▶ _REQUIRED ACTION_:
Only the lines from the one containing "Fanny Ardant als" through the one containing "Kino-KassiererIn, ein schon" should be printed, exactly as they appear below, with both ends included.

▶ _INPUT RECORDS_:
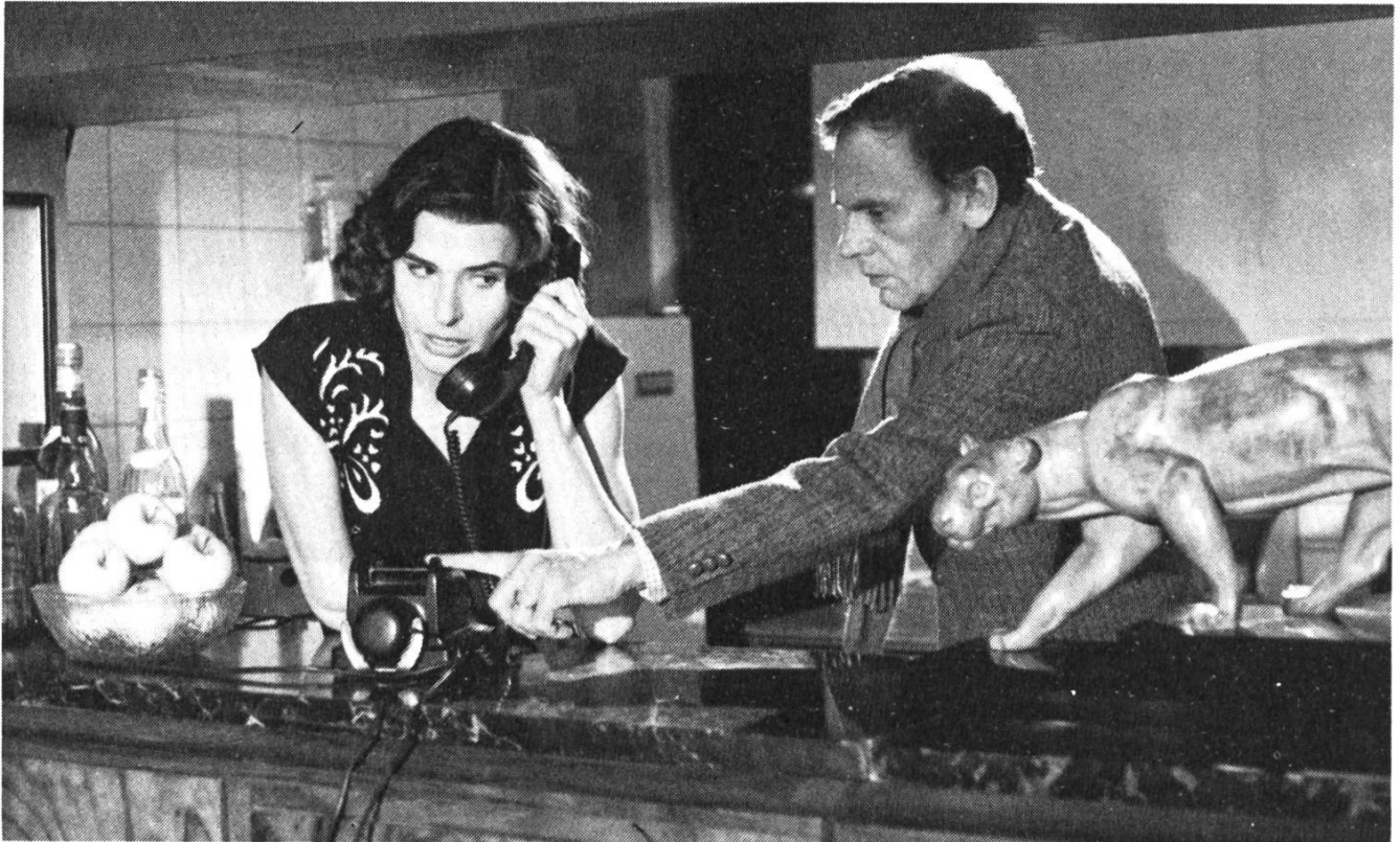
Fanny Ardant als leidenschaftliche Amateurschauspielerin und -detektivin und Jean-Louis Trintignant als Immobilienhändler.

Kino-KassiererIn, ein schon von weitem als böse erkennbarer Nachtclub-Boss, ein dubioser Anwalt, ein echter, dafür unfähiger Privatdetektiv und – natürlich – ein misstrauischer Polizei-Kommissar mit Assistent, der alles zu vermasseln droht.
...
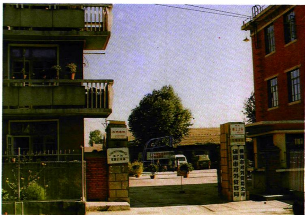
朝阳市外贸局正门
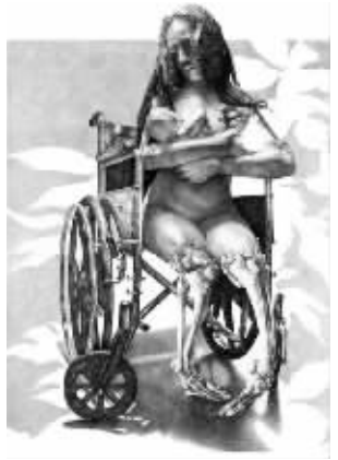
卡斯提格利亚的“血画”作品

▶ _SOLVED PROBLEM_:
Fanny Ardant als leidenschaftliche Amateurschauspielerin und -detektivin und Jean-Louis Trintignant als Immobilienhändler.

Kino-KassiererIn, ein schon von weitem als böse erkennbarer Nachtclub-Boss, ein dubioser Anwalt, ein echter, dafür unfähiger Privatdetektiv und – natürlich – ein misstrauischer Polizei-Kommissar mit Assistent, der alles zu vermasseln droht.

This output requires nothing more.